The importance of Fbxo22 in carcinogenesis has been highly documented. Here, we discussed downstream regulatory factors of Fbxo22 in TNBC. RNA-sequencing was conducted for identifying differentially expressed genes, followed by construction of a regulatory network. Expression patterns of Fbxo22/KDM5A in TNBC were determined by their correlation with the prognosis analyzed. Then, regulation mechanisms between Fbxo22 and KDM5A as well as between KDM5A and H3K4me3 were assayed. After silencing and overexpression experiments, the significance of Fbxo22 in repressing tumorigenesis in vitro and in vivo was explored. Fbxo22 was poorly expressed, while KDM5A was highly expressed in TNBC. Patients with elevated Fbxo22, decreased KDM5A, or higher p16 had long overall survival. Fbxo22 reduced the levels of KDM5A by ubiquitination. KDM5A promoted histone H3K4me3 demethylation to downregulate p16 expression. Fbxo22 reduced KDM5A expression to enhance p16, thus inducing DNA damage as well as reducing tumorigenesis and metastasis in TNBC. Our study validated FBXO22 as a tumor suppressor in TNBC through ubiquitination of KDM5A and regulation of p16.
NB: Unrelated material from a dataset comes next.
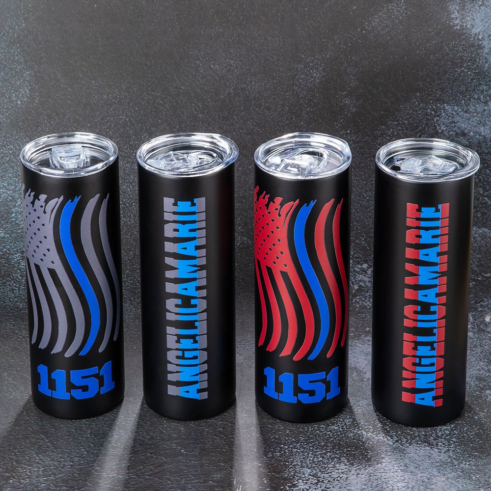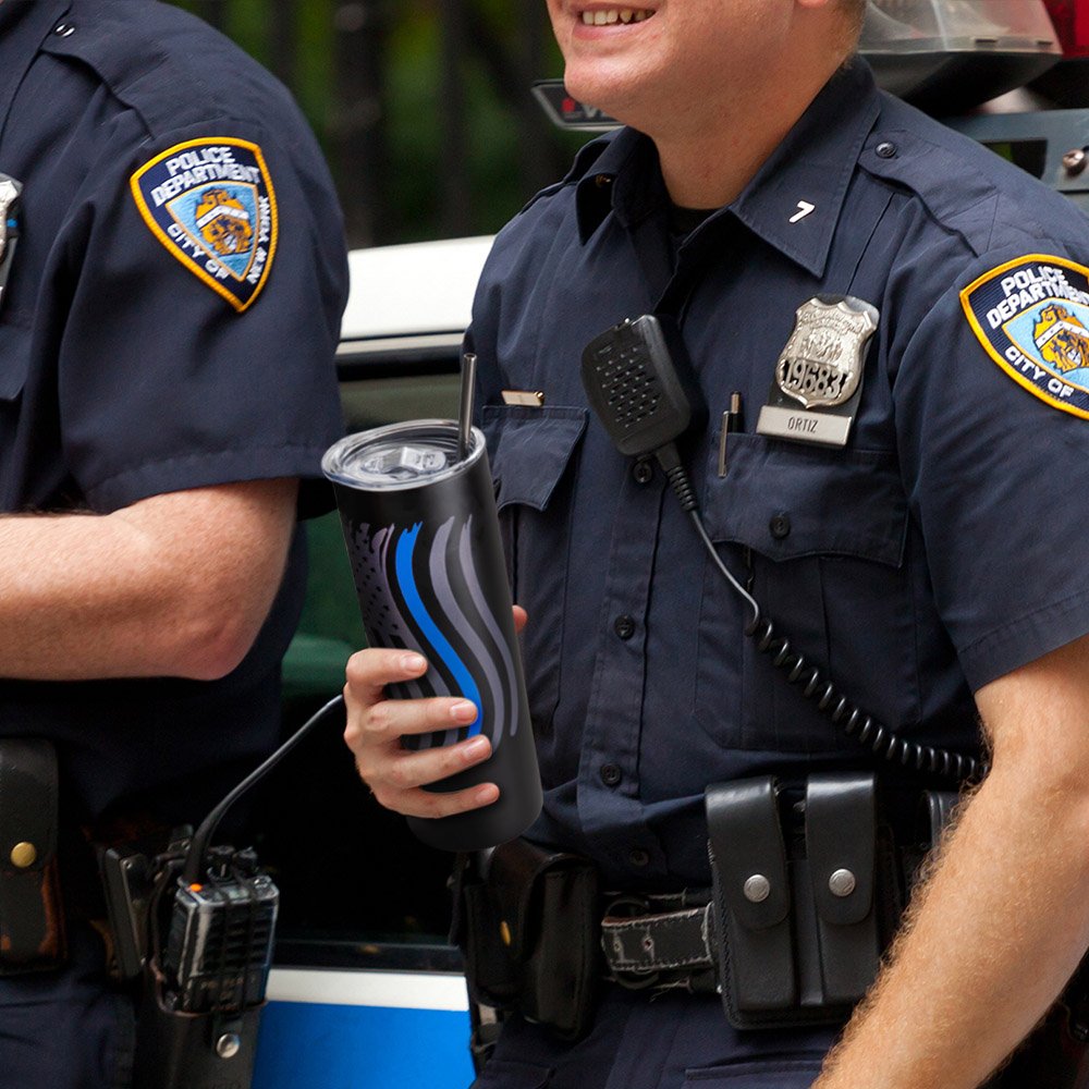 Le drapeau américain "thin blue line" dessiné sur le dessus de ce gobelet personnalisé en acier inoxydable est le cadeau idéal pour les officiers de police, les pompiers, la famille, les amis, les collègues et ceux qui sauvent des vies tous les jours. Il peut être personnalisé en ajoutant un nom et un numéro de badge de police. Que vous cherchiez un cadeau d'appréciation pour la police, un cadeau de retraite, une remise de diplôme ou une promotion, ce gobelet est un excellent choix.

Fbxo22 在致癌作用中的重要性已得到充分证明。在这里，我们讨论了 TNBC 中 Fbxo22 的下游调控因素。进行RNA测序以鉴定差异表达基因，然后构建调控网络。TNBC 中 Fbxo22/KDM5A 的表达模式通过其与分析的预后的相关性来确定。然后，分析了Fbxo22和KDM5A之间以及KDM5A和H3K4me3之间的调节机制。经过沉默和过表达实验，探索了 Fbxo22 在体外和体内抑制肿瘤发生的意义。Fbxo22 在 TNBC 中表达较差，而 KDM5A 高表达。Fbxo22 升高、KDM5A 降低或 p16 升高的患者总生存期较长。Fbxo22 通过泛素化降低 KDM5A 的水平。KDM5A 促进组蛋白 H3K4me3 去甲基化，从而下调 p16 表达。Fbxo22 降低 KDM5A 表达以增强 p16，从而诱导 DNA 损伤并减少 TNBC 中的肿瘤发生和转移。我们的研究通过 KDM5A 泛素化和 p16 的调节验证了 FBXO22 作为 TNBC 的肿瘤抑制因子。